When it comes to replicating operational data for analytics, Change Data Capture (CDC) is the gold standard. It offers scalability, near real-time performance, and captures all data modifications, ensuring your analytical datasets are always up-to-date. Debezium is a leading tool in this space, connecting to a wide range of databases and exporting CDC events in various formats like JSON and Avro, making integration with diverse systems a breeze.
While Debezium itself is a Java-based project, the data engineering world increasingly relies on Python. This blog post demonstrates how to leverage Debezium within a Python environment, using pydbzengine. We’ll explore how to use these technologies to build a robust and scalable CDC solution.
Python-Powered CDC Pipeline
Capturing Change Data with Debezium and Loading into DuckDB using DLT
This blog post demonstrates how to use Debezium to capture change data from a PostgreSQL database and load it into a DuckDB database using the Data Load Tool (DLT). All of this is achieved through a Python-based data processing pipeline using pydbzengine.
We’ll walk through the code, explaining the key components and how they work together.

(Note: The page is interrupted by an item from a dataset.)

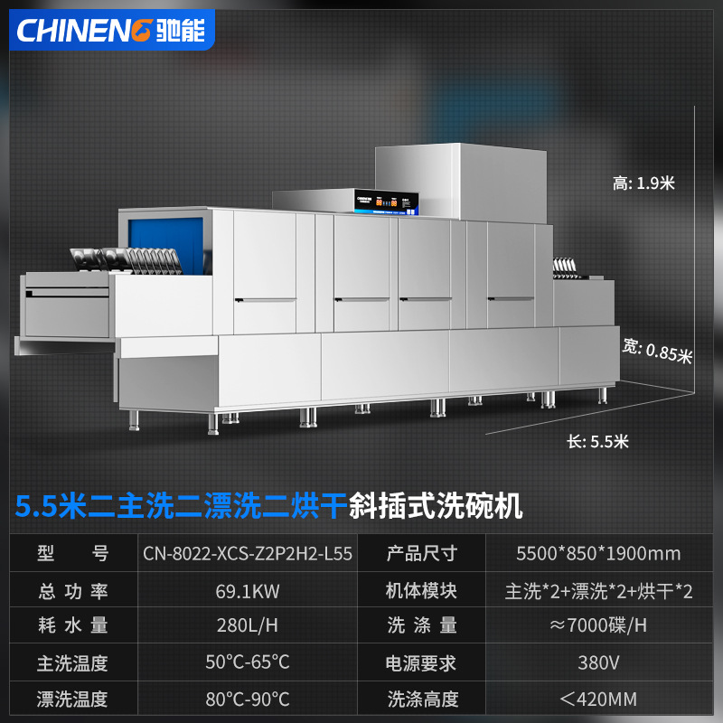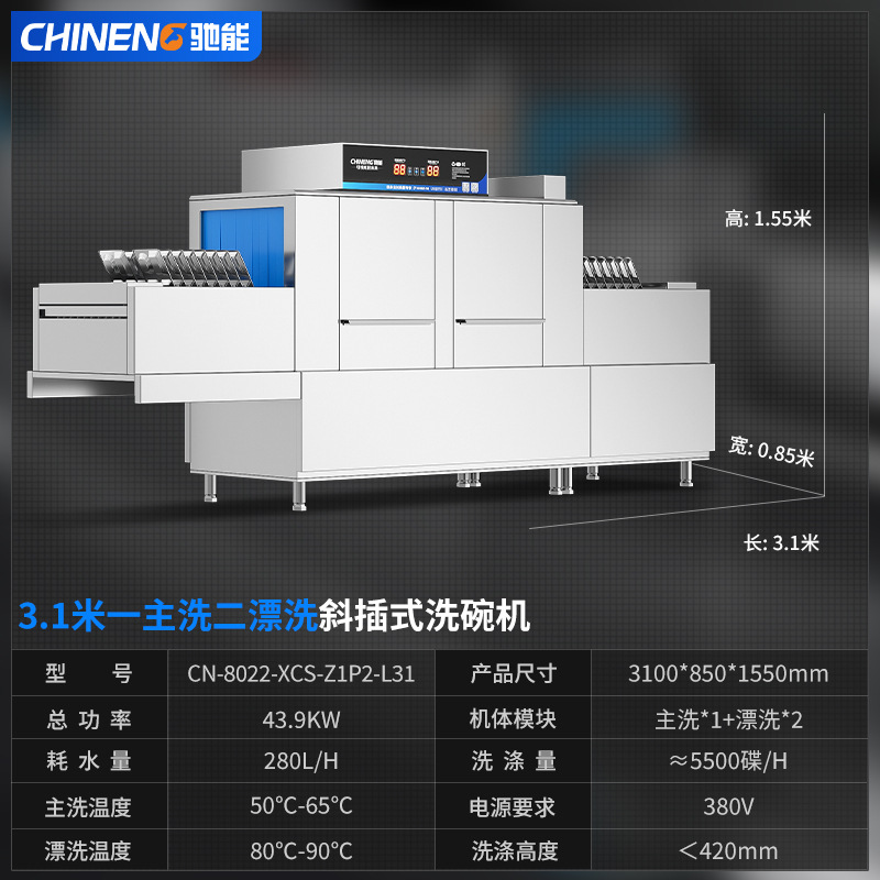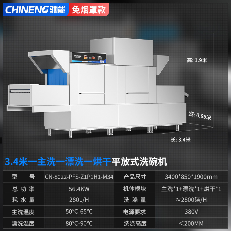 Chineng 자동 상용 식기 세척기 대형 학교 매점 전골 소독 및 건조 통합 긴 라인 식기 세척기스토어 가기

Understanding the Components
-
Debezium: A powerful open-source platform for change data capture. It monitors database transaction logs and produces change event streams, indicating inserts, updates, and deletes.
-
pydbzengine: A Python library that provides a convenient way to interact with the Debezium embedded engine. It simplifies the process of configuring and running Debezium within a Python application.
-
DLT: A versatile data loading tool that simplifies the process of extracting, and loading data into various destinations. In this example, we use DLT to load the change events from Debezium into DuckDB.
-
DuckDB: An embeddable analytical database that provides efficient data processing capabilities. It’s an excellent choice for local development and testing.
-
Testcontainers: A library for spinning up throwaway instances of services, such as databases, for testing. We use it to manage the PostgreSQL database during the example.
Code Breakdown
The provided code demonstrates a complete CDC pipeline in python, from capturing changes with Debezium to loading them into DuckDB with DLT. Let’s break down the key parts:
1. Setting up the Environment
Let’s begin with setting up the necessary environment, including defining file paths, cleaning up previous runs, and defining a helper class DbPostgresql
that uses Testcontainers to manage the PostgreSQL database, which acts as our operational data source.
import os
from pathlib import Path
import dlt
import duckdb
from testcontainers.core.config import testcontainers_config
from testcontainers.core.waiting_utils import wait_for_logs
from testcontainers.postgres import PostgresContainer
from pydbzengine import DebeziumJsonEngine, Properties
from pydbzengine.debeziumdlt import DltChangeHandler
from pydbzengine.helper import Utils
# set global variables
CURRENT_DIR = Path(__file__).parent
DUCKDB_FILE = CURRENT_DIR.joinpath("dbz_cdc_events_example.duckdb")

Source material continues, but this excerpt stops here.